Love Is Not EnoughDo you read contemporary romance? I’m playing catch-up here and I’d appreciate some help. Is the frothy, fluffy, funny love-story-only romantic comedy a popular Thing, and if so, do you enjoy it?

This month I’ve been on a contemporary romance reading mini-binge. Normally if I have time to read a new book I turn to recommendations from this blog, my bookworm friends, and other sources like the NPR Top 100 Romances list, pick the title that fits my mood, download (thanks, Amazon!), pour wine, make tea or run bath as appropriate, and dive in 🙂 .

The snag with that approach is that I’m usually looking for a change from the sub-genre I’m writing, so the title that fits my mood is rarely contemporary romance. I decided I was missing a trick, so I went on a buying spree (thanks, Amazon!), engaged kettle/corkscrew and dove in. I tried a couple of books by a successful but new-to-me author, and I’m not going to name names here because although the writing was excellent, the story was not quite what I’m used to and while I enjoyed it, I didn’t get the expected hit of emotional satisfaction when I reached the end.

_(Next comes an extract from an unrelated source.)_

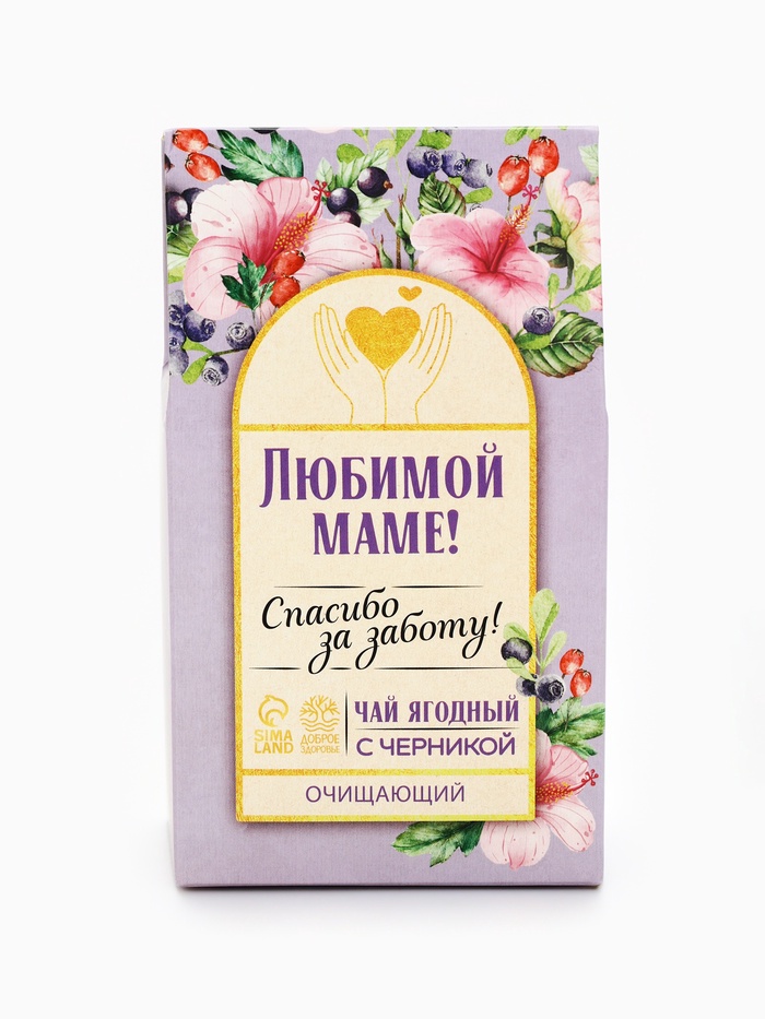 Ягодно-травяной чай «Любимой маме»: черника, плоды боярышника, гибискус, зелёное яблоко, арония черноплодная, 50 г

I’ve been chewing it over, and I think my issue was that the significant connection between the hero and heroine and the meat of the story was the development of their love for each other. They didn’t do anything together except explore their mutual attraction, overcome their differences, and fall in love, amusingly and with lots of fabulous dialogue. As I said, the writing was of a very high standard, the story was fun, the world-building was excellent and I loved the characters. There’s no way it was an accident.

I couldn’t imagine writing this kind of romance. I’m so keyed in to the notion of goal, motivation and conflict that I felt as though I’d fallen down a rabbit-hole. It ran completely counter to the most recent craft workshop I attended – Michael Hauge’s From Identity to Essence (at RWA National). My notes from that workshop say:

chemistry alone is not enough; the hero and heroine must be forced together by something other than the love story; they must either work together or be in competition with each other.

This makes sense to me, because the characters’ behavior in a make-or-break situation (saving their puppy, their ancestral home or the world, it doesn’t matter) is what helps them to know each other deeply and gives the reader assurance that they are truly the perfect match for each other.

Now I’m wondering if the book was fine and I am the problem. Perhaps I was expecting it to be a tasty meal, when it was only ever supposed to be a frothy, delicious soufflé.

Do you read contemporary romance? Have you read any good ones lately, or do you have any favorite authors?

Do your favorite contemporary romances have a strong storyline (main plot or sub-plot, I don’t care) that supports and feeds the romance, or is the book completely focused on the love story?

16 thoughts on “Jilly: Love Is Not Enough. Or Is It?

  1. I’ve been reading some contemporaries lately. The H/H had their own goals and issues to go after, but the resolution always seemed to rely on one of them being a (reformed) jerk and the other a doormat. Once the jerk was ready to reform, no matter how badly he or she had treated the doormat throughout the book, the doormat was happy to forgive and forget, no questions asked. Not even, “How do I know this is real this time? Because you’ve yanked me around before.” I would set down the book thinking, “there’s a good predictor of their future together.” Not satisfying.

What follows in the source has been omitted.